She has also been awarded a guaranteed Commonwealth supported place (CSP) in ANY post-grad degree of her choice. 

My nephews and nieces have also had free education and CSP supported places in medicine, law and engineering.


----------



## kaju (Oct 31, 2011)

*TO ALL POSTERS!
*
The subject of this thread can be an emotive one.

However, Forum Moderators will NOT accept breaches of the forum rules.

That would be the quickest way to earn Infractions, and a quick ban from the Forum.

Keep it civil please, personal attacks will not be tolerated.

Think before you post - Am I directing a comment at another member personally? Could they find what I am saying rude or insulting?

You may care to re-visit the Forum Rules: http://www.expatforum.com/expats/general-expat-discussions/2397-forum-rules.html

Please not Rules 1 and 2 in particular:

*Rule 1: Expatforum.com is an interactive site. Please treat others here the way you wish to be treated, with respect, and without insult or personal attack. Personal attacks will NOT be tolerated. Trolling on this site is not tolerated, that being deliberately inflammatory posts, and trolls will be removed from the site immediately.

Rule 2: Sexually explicit, racist, obscene or vulgar language, graphics or behaviour is NOT acceptable on this site. Should anyone use inappropriate language, engage in a personal attack, or use hate speech, their posting rights will be revoked immediately. In the same way, links to adult content, pages with links to adult content, near adult content, hate sites or messages describing anything against the law is not allowed and will be removed.*

Thank you.


----------



## Ajeet (Nov 24, 2015)

*Why I chose Australia over USA*

Thank you so very much for your posts. Positive people will always find a way to be successful and vice-versa.

As I keep saying - no country is perfect but to raise a family Australia is the best! 

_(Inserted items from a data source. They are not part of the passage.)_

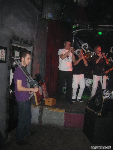 Haben auch ein paar mitgereiste Fans dabei (Lingen ist ja nicht weit). Der Herr im lila Hemd filmt aber die Szenerie nur in Momenten, in denen maximal zwei Leute vor der Bühne stehen und sich bewegen.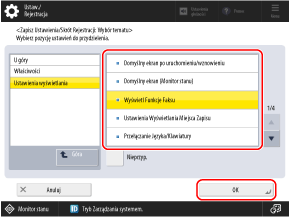 Wybierz ustawienia do zarejestrowania jako skróty i naciśnij przycisk [OK].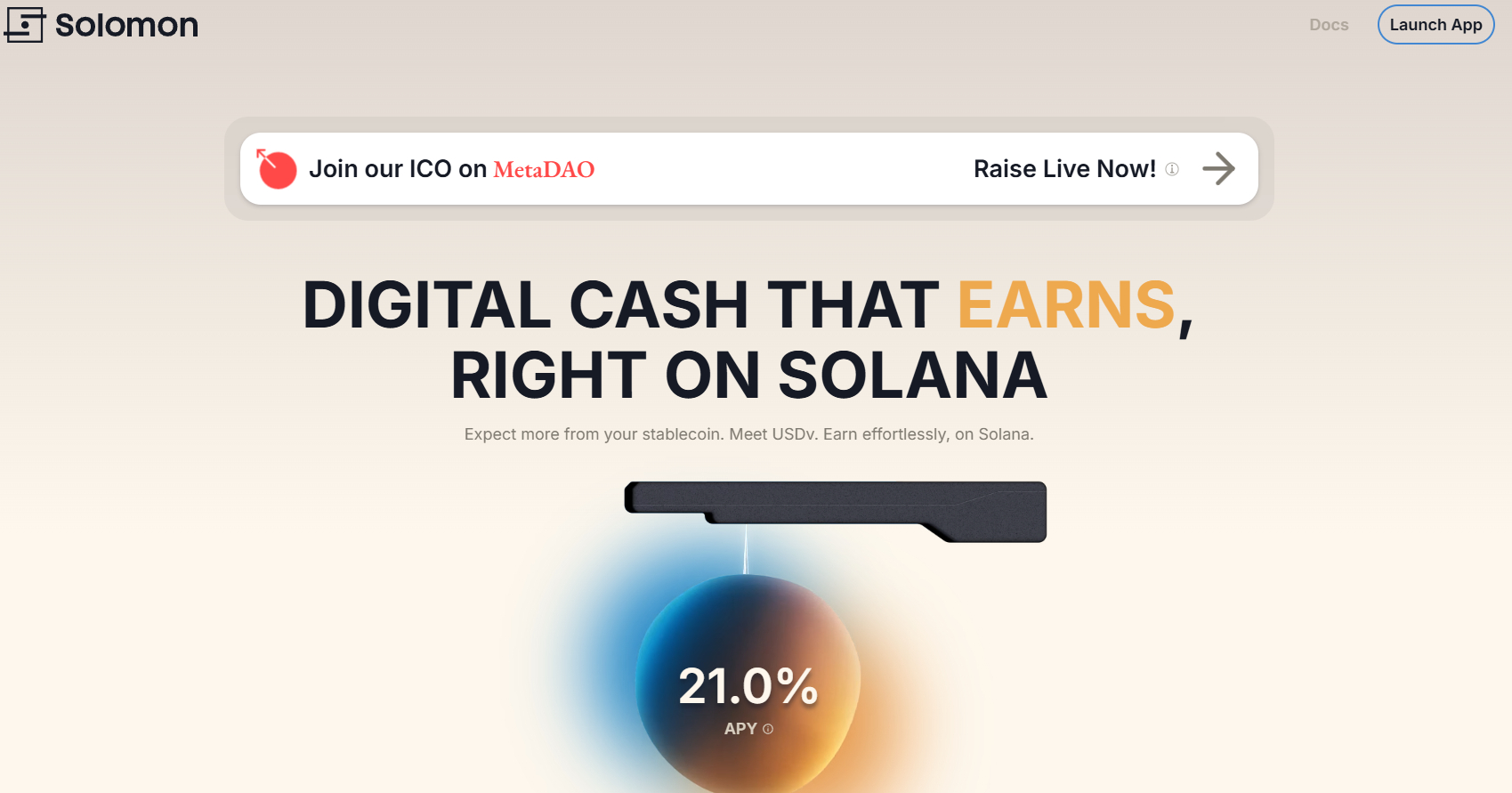 Solomon là nền tảng Stablecoin sinh lợi nhuận cho người dùng trên Blockchain Solana, được xây dựng để người dùng có thể stake USDv để lấy sUSDv từ đó kiếm lợi nhuận từ hoạt động của Solomon. Dự án nhấn mạnh việc tích hợp Yield trực tiếp vào Stablecoin, giúp người dùng kiếm 20%+ APY trên Stable Assets mà không cần di chuyển tài sản giữa các giao thức.

I left USA for Australia and I am so glad, I did. Only regret is that I could have moved earlier but never gave Australia a thought. It was only after I decided that I won't wait for the Green Card for a decade, that Australia came into picture.


----------



## mnmedipa (Sep 9, 2016)

Bbay2Oz said:


> So does Australia. The quality of education my family have received is excellent and cannot be faulted.
> 
> My oldest is a Chancellor's scholar at the No.1. University in Australia. She went to a top (No.1 7 years in a row) secondary school in Melbourne, very nominal fees (around $1200 a year). Her university education was entirely free, in addition she was paid $5,000 a year plus given a lot of other sops. She had similar offers from all the Uni's that she had applied to.
> 
> ...


I was mentioning about international students... Even though they are meritorious they don't get scholarships and education at postgraduate level is just similar to bachelors level education... It seemed to me that the course was low par... Children who are kids of residents cannot be considered here... 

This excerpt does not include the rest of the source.